RG: This is 2010, 2011, and all of a sudden, it’s suspenders and beards and glasses and all the craft beers and all that kind of stuff. Before, I wasn’t in the specialty coffee shops—the most I would do is go to Starbucks, maybe, for the wi-fi. So it was a totally different culture that I’m stepping into. It was interesting to observe while at the same time learning about the coffee itself. There’s a big difference between the culture of the baristas and importers and the producing countries and the processes and the labor there. There’s a split in that sense of who’s growing and picking the coffee and who’s roasting and serving. But I would say that’s beyond the issue of the American racial divide per se.
HM: Being in rural Pāhala on the Big Island, then, do you feel removed from the Black Lives Matter movement?

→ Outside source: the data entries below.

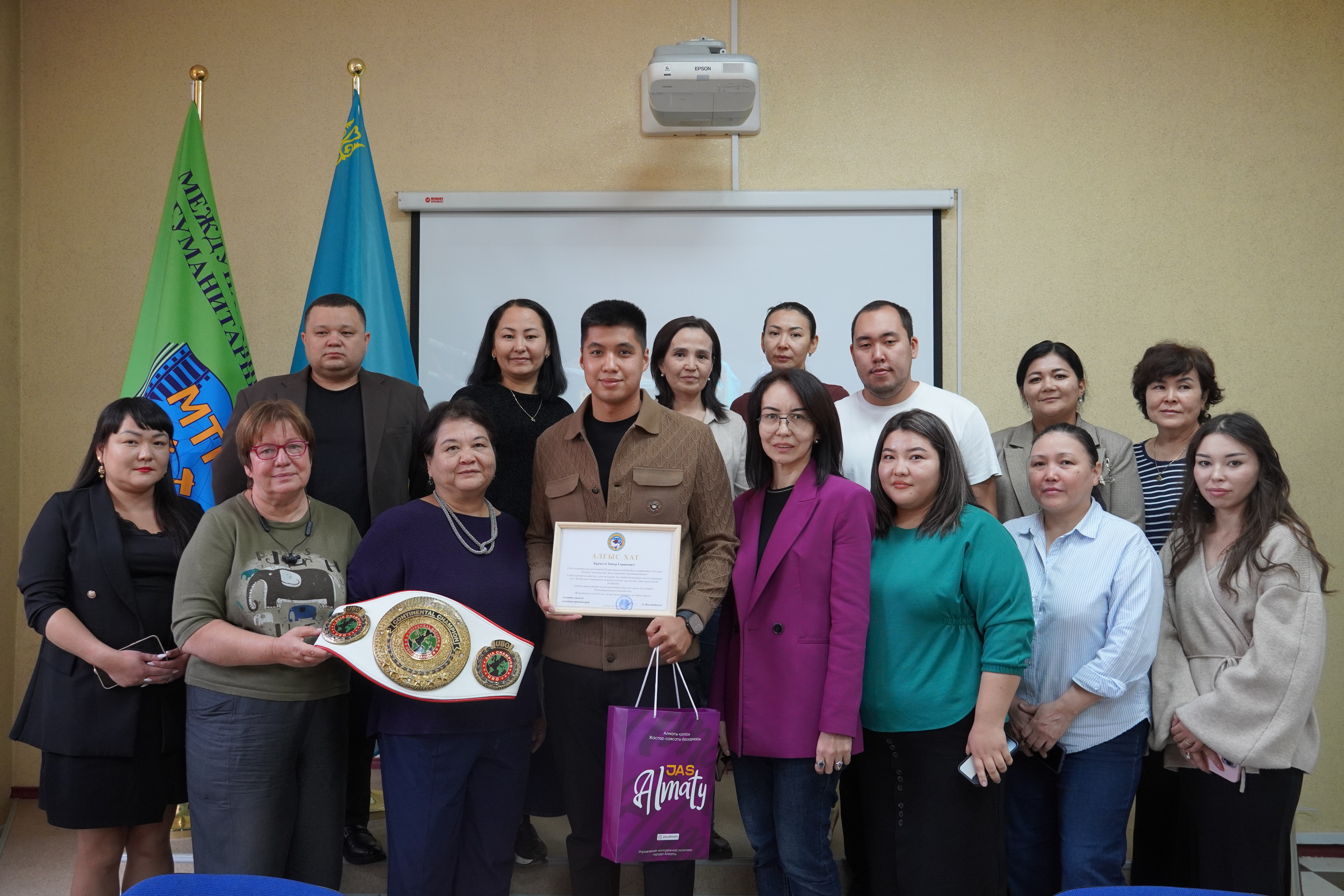 Алматы қаласы әкімінің орынбасары А. Қалдыбеков біздің студентіміз, чемпион Тимур Баситовты арнайы құттықтап, алғыс хатпен марапаттады.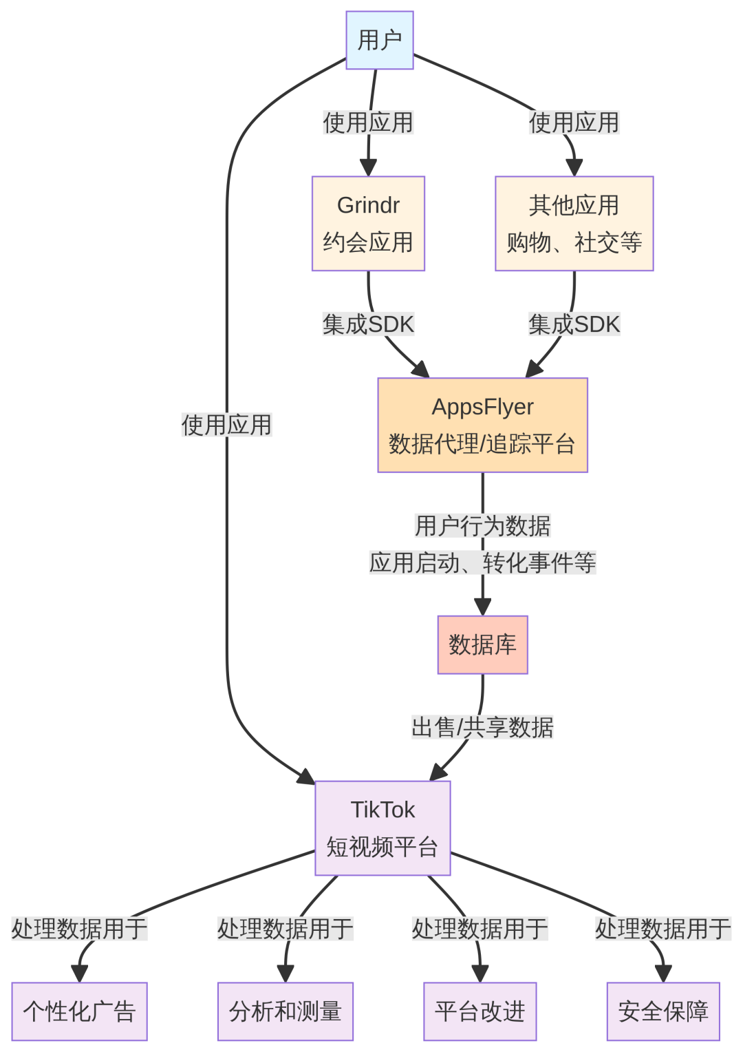 这是一个复杂的数据共享链条,Grindr等应用通过集成AppsFlyer的软件开发工具包(SDK),将用户的行为数据传输给AppsFlyer。AppsFlyer作为一家移动营销分析和归因平台,聚合这些来自不同应用的数据,并将其提供给像TikTok这样的客户,用于广告投放、效果衡量和用户画像分析。TikTok在收到这些数据后,将其用于个性化广告、分析与测量服务、平台改进和安全保障等多个目的 。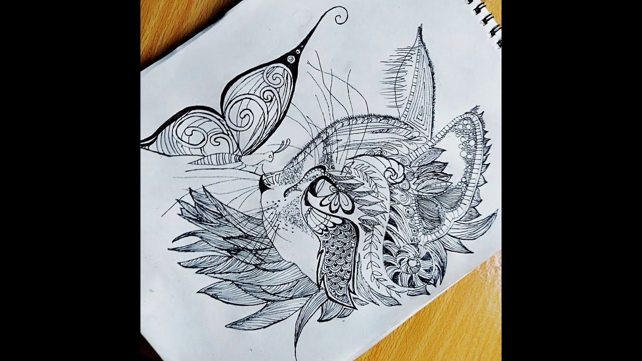Mandala Art Animal Zentangle Inspired Cat And Butterfly Time Lapse Doodle Art Youtube
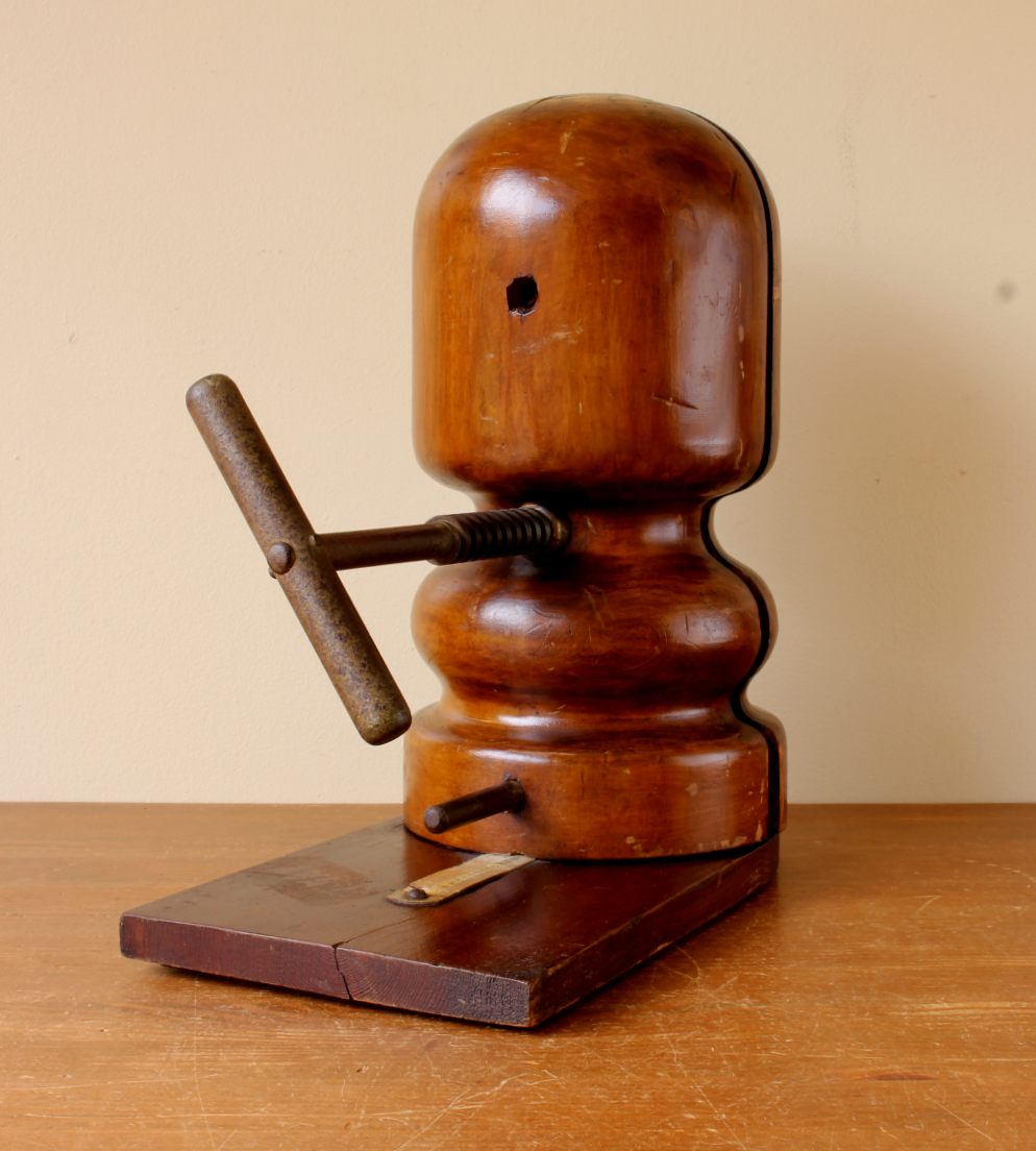 This large antique wooden hat block stretcher which dates from c1900 was originally used to manufacture hats and has a wonderful rich colour.
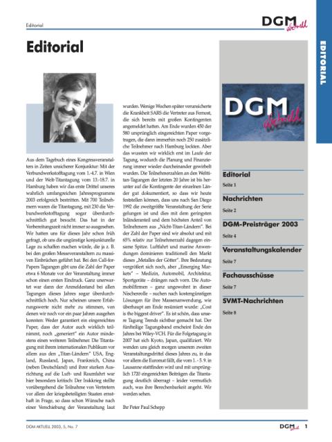 Mit der Verbundwerkstofftagung vom 1.–4.7. in Wien und der Welt-Titantagung vom 13.–18.7. in Hamburg haben wir das erste Drittel unseres wahrlich umfangreichen Jahresprogramms 2003 erfolgreich bestritten. Mit 700 Teilnehmern waren die Titantagung, mit 230 die Verbundwerkstofftagung sogar überdurchschnittlich gut besucht. Das hat in der Vorbereitungszeit nicht immer so ausgesehen.

RG: I would say that we definitely feel like we’re still in the midst of it—just in a different way. We are having a lot of open talks with friends who maybe didn’t talk about this subject before, which is good, because we can explain, beyond the very visceral and easy to see on a video camera version of police brutality, which is obviously terrible, there are also different aspects of systemic racism. The history of redlining, for instance, or talking about how maybe it’s a little harder to get a home loan or things like that.
I had a story about my education when I was younger that surprised friends that I grew up with, about how much my mother had to fight to keep me in the honors classes. We had moved from New Orleans to Baltimore and the testing, I think, should have put me in the honors track but the school preferred to put me in the standard track. It’s just a fight that my other friend, who was in the same classes as me, never had to have.
So now we’ve been able to talk and have those kinds of conversations with people because they can see or feel that something’s not right. We explain to people the subtle systemic racism—it’s not a Jim Crow law that’s in black and white. It’s a bias that sometimes you can find in a system or in people in a system that you have to be vigilant about because you may have to fight against it.
This interview has been edited for clarity and length.